Te relataré una escena reveladora. Durante la asamblea, una mujer propuso turnos para limpiar los retretes. «¡Eso es fascismo!» —gritó un tipo con pañuelo palestino—. Tras tres horas de discusión estéril, los baños seguían siendo un pantano. ¡Oh sabio al-Farabi! Cuánta razón tenías: «La justicia sin orden es como un mercado sin reglas: todos venden nada». Estos jóvenes, hermano, son víctimas de la gran trampa ideológica que Trevijano denuncia: la izquierda europea levantó la bandera de la democracia social contra la democracia política. Buscaban igualdad en el reparto del botín, mientras entregaban las llaves del reino a oligarcas con bandera roja.
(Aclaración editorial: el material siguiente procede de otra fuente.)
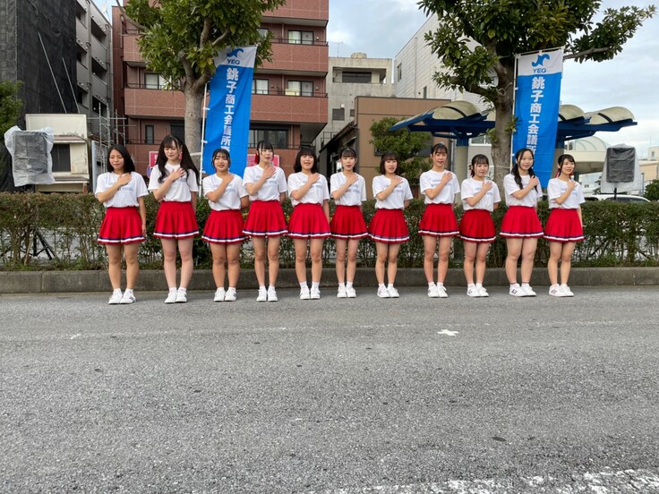 ▲当青年部より誕生した銚子市公認キャラクター「ちょーぴー」を始め、千葉県マスコットキャラクター「チーバくん」、印西市より「いんザイ君」、旭市より「あさピー」、東庄町より「コジュリンくん」が点灯イベントを盛り上げに来てくれました。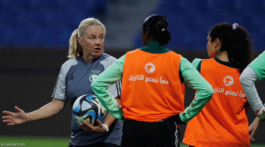 الفنلندية روزا لابي مدربة المنتخب السعودي الأول لكرة القدم للسيدات توجه اللاعبات خلال حصة تدريبية سابقة (أرشيفية)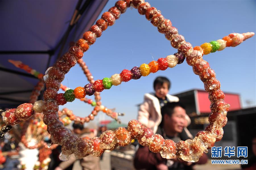 2月17日,游客在后李花村“糖墩儿节”上游览。当日,河北省任丘市吕公堡镇后李花村一年一度的“糖墩儿节”开幕,上百位制作糖墩儿的师傅用山楂、山药、菠萝等食材制成样式各异的糖墩儿,吸引众多游客前来赏民俗、闹元宵。新华社记者 牟宇 摄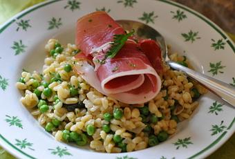 Pour changer du riz, cette version printanière du risotto est préparée avec du blé précuit et des petits pois. On peut l'accompagner de jambon cru ou de poisson.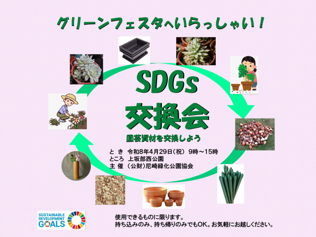 4月29日の「あまがさきグリーンフェスタ2025」において、園芸資材の交換会を行います。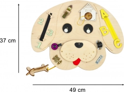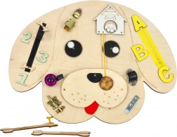 Een speels houten activiteitenbord in de vorm van een hond stimuleert bij kinderen de fijne motoriek, logica en concentratie. Bevat gekleurde houten cijfers en letters, een rits, gespen en schuifjes, een belletje en andere interactieve elementen die spelenderwijs leren en de zintuiglijke ontwikkeling ondersteunen.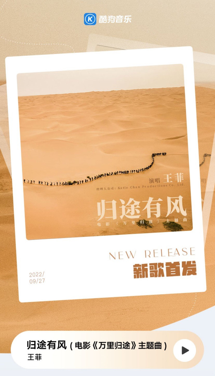 酷狗上线王菲新歌《归途有风》 与电影《万里归途》适配度太高了
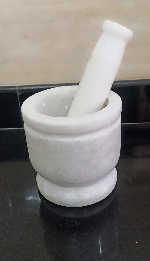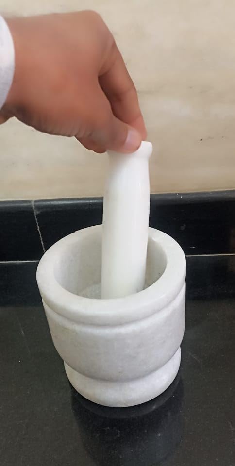 Brings Hand-crafted luxury to redefine your home decor & utility. A kitchen essential Mortar and Pestle made out of Marble, Granite.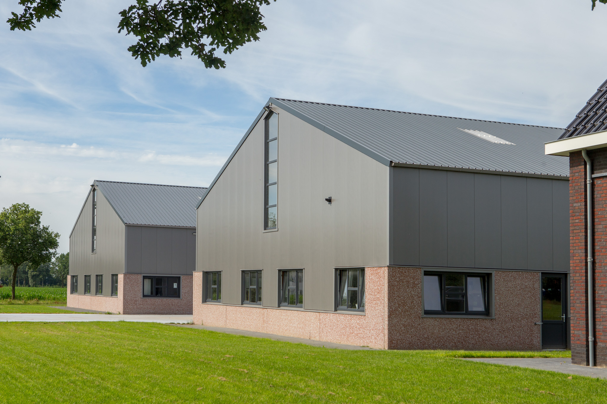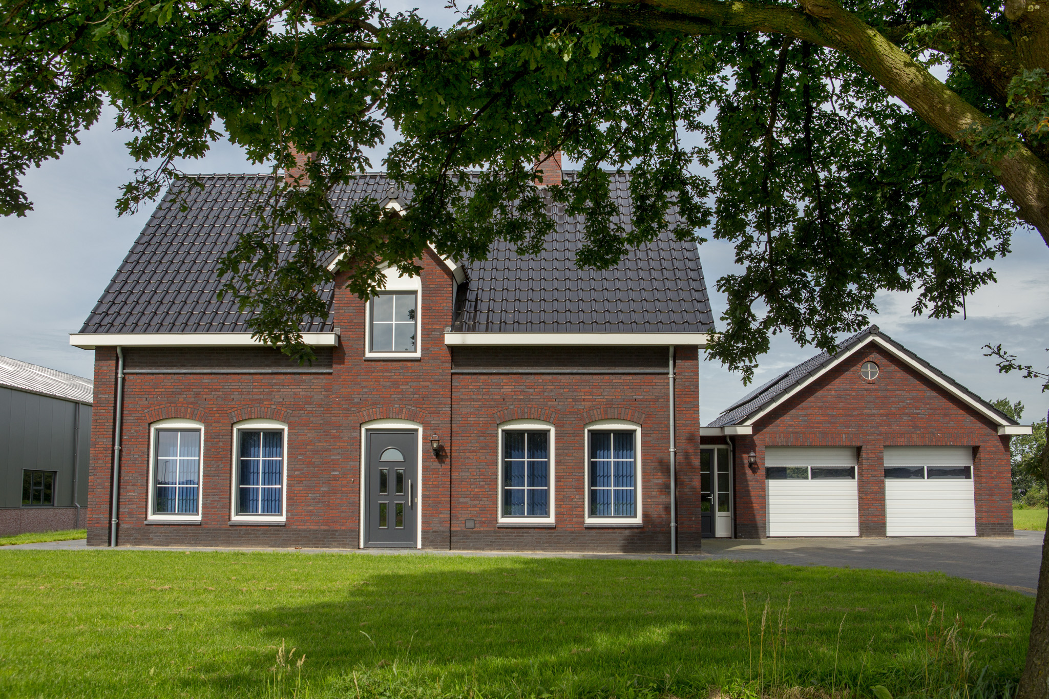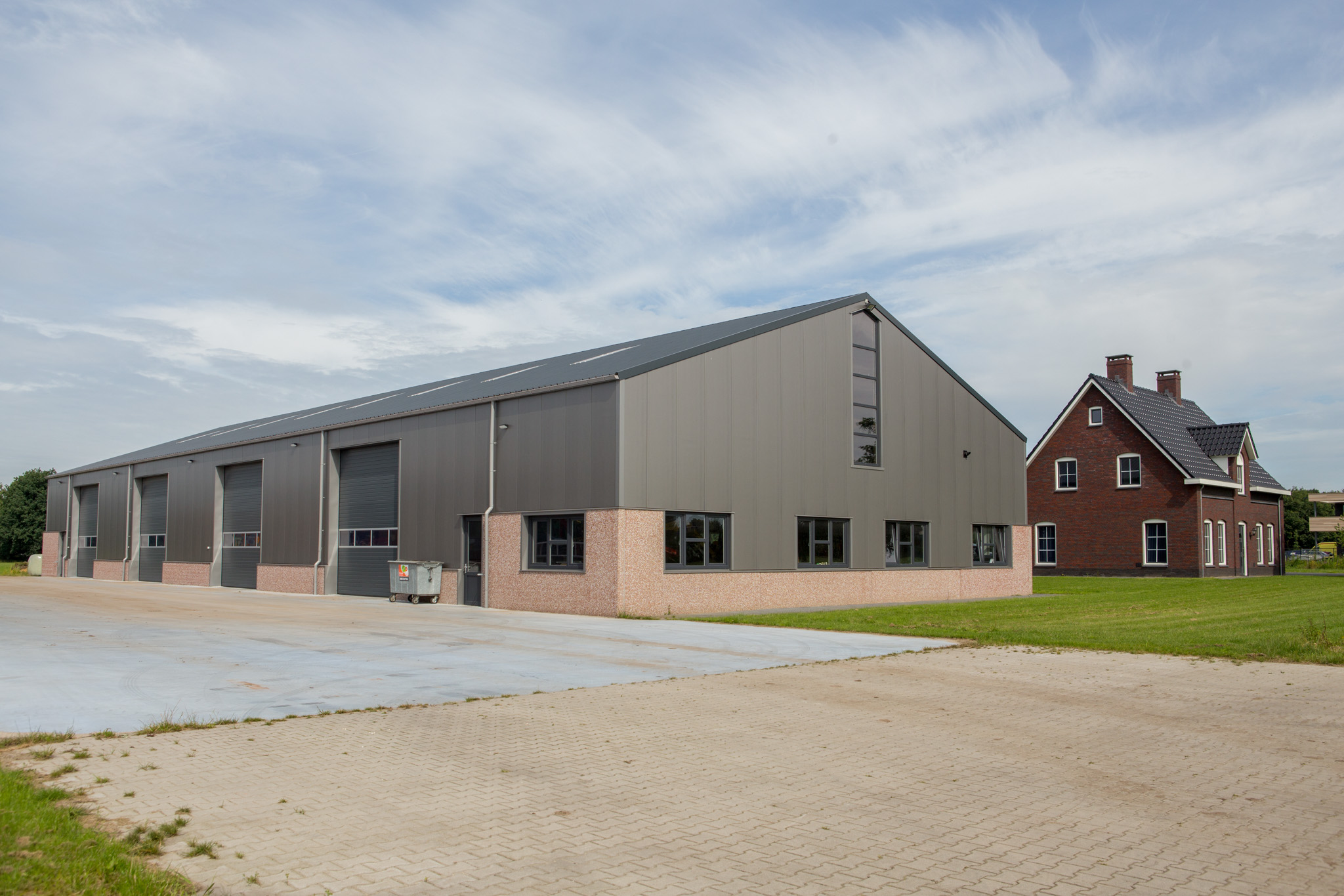 In Uden realiseerden we een compleet nieuwbouwproject bestaande uit een representatief woonhuis en twee ruime bedrijfsgebouwen. De woning is uitgevoerd in een klassieke stijl met hoogwaardig metselwerk, karakteristieke gevelopeningen en een zorgvuldig gedetailleerde kap. De naastgelegen opslaghallen zijn opgebouwd uit duurzame materialen en bieden efficiënte, toekomstbestendige bedrijfsruimten.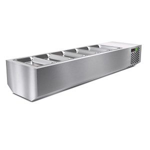 1970х385х265мм, Витрина охлаждаемая настольная открытая, изготовлена из нержавеющей стали марки AISI 430. Температурный режим +2…+7, вместимость: GN 1/3 - 9х150, мощность 100Вт. Компрессор (Китай). Хладон R-134. Поставляется в собранном виде.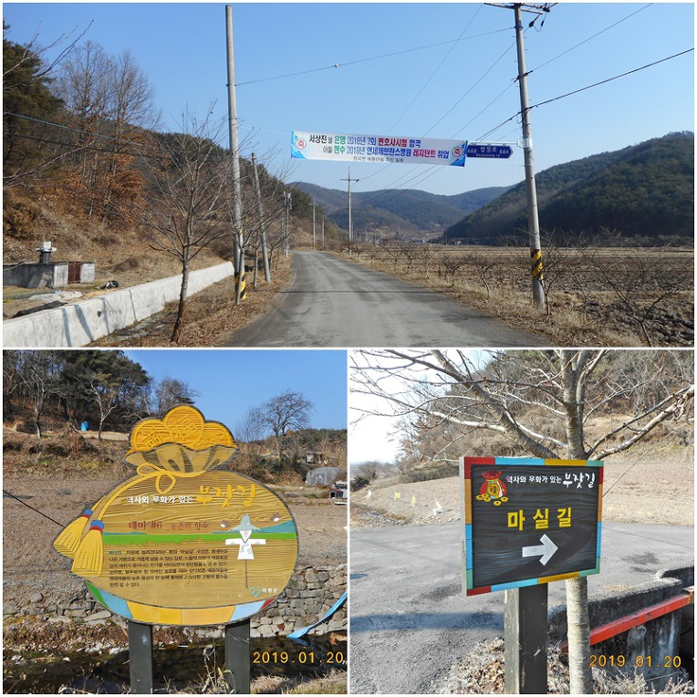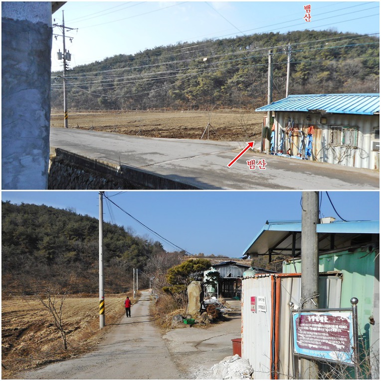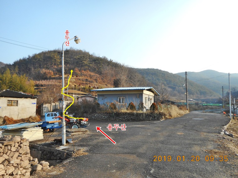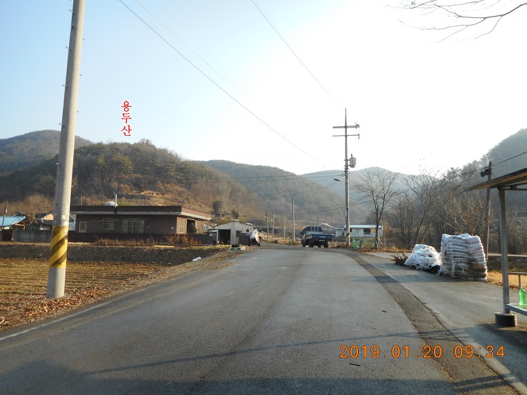 얼마 진행하지 않아 나오는 마을끝 지점의 갈림길에서 용두산 능선 끝자락 방향인 좌측길로 꺽어듭니다.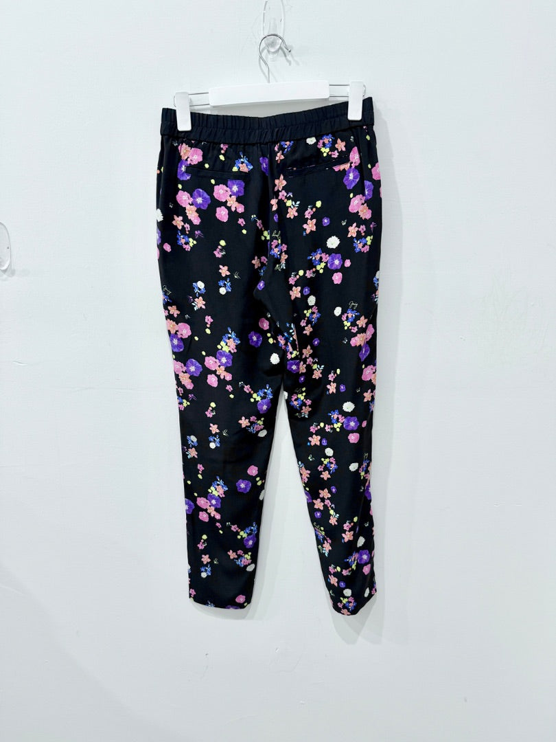Juicy Couture Floral Print Mid Rise Slim Silk Jogger Pants Black Multi Womens XS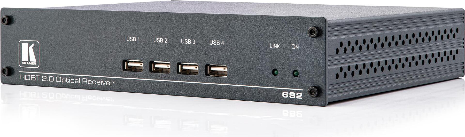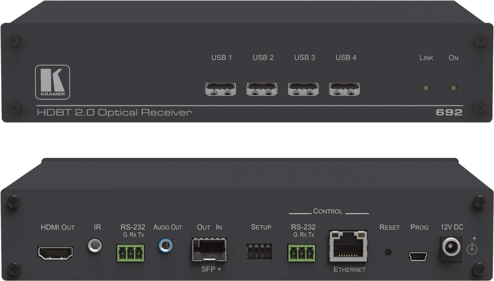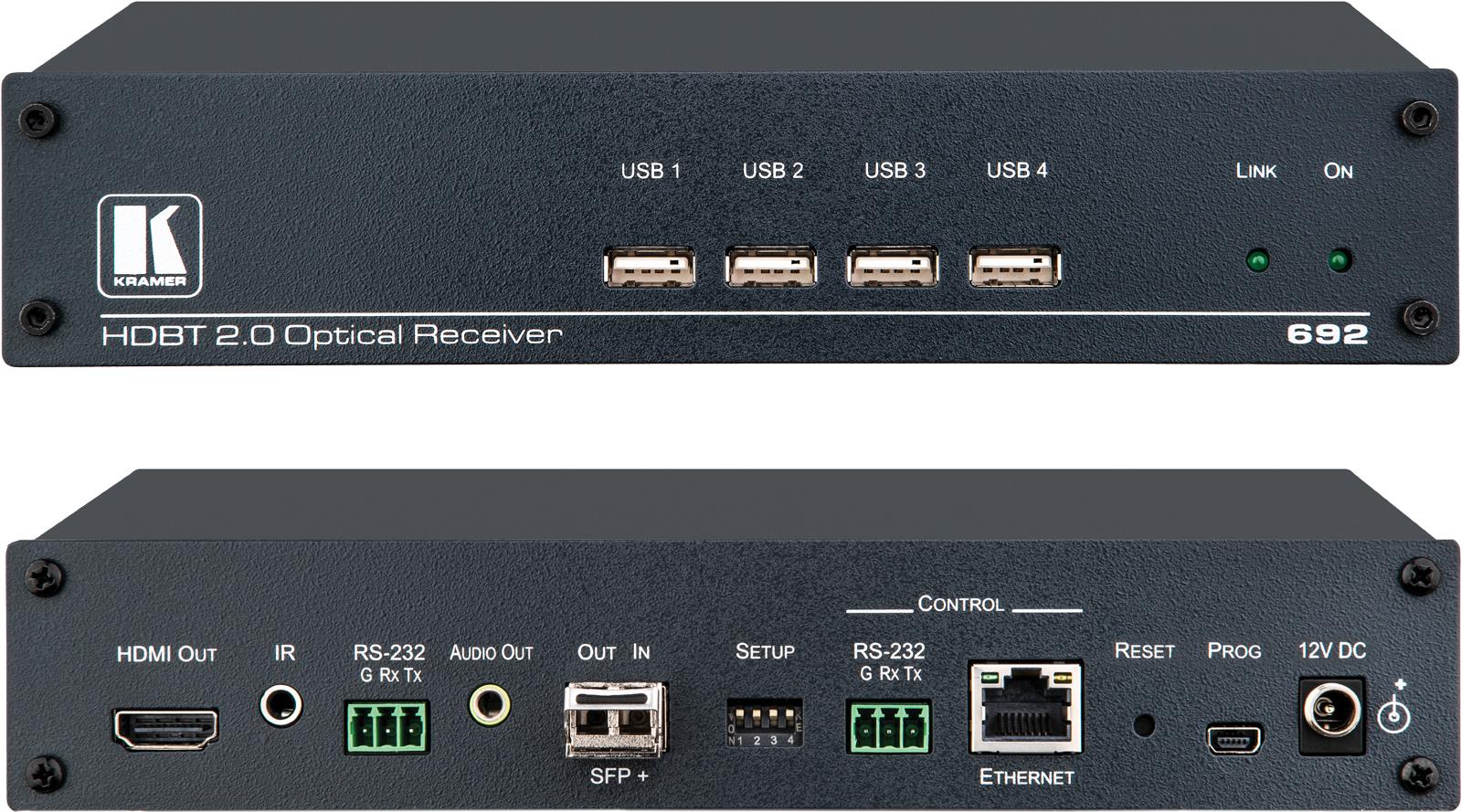 | Produktbeschreibung | Kramer 692 4K60 4:2:0 HDMI MM/SM Fiber Optic Receiver with USB, Ethernet, RS-232, IR & Stereo Audio over Ultra-Reach HDBaseT 2.0 - Video/Audio/Infrarot/USB/serieller/Netzwerkextender |

En un rincón, una chica traducía a Marx a lengua de signos. «El Estado burgués es la dictadura del capital», afirmaba. Le pregunté: «¿Y vuestro centro okupado? ¿No es acaso la dictadura de los que gritan más fuerte?». Su silencio fue la respuesta. Europa, hermano, vive la paradoja más grotesca: mientras derriban estatuas de colonizadores, arrodillan su libertad ante nuevos sacerdotes: los expertos en igualdad, los comisarios de lo políticamente correcto. Trevijano lo sintetiza con precisión: «La democracia social ha sido el gran obstáculo igualitario […] contra la posibilidad misma de la democracia política».

Fíjate en el engaño: llaman «conquistas sociales» a lo que un burócrata otorga y otro puede arrebatar mañana. Como el Estado de bienestar que ahora desmantelan —«concesión desde arriba», diría Trevijano—, no surgido de instituciones libres. ¡Contrástalo con nuestra shura! En la tradición islámica, consulta y justicia son dos pilares de un mismo templo. Ellos los han separado: regalan justicia social como limosna, mientras venden la consulta política al mejor postor.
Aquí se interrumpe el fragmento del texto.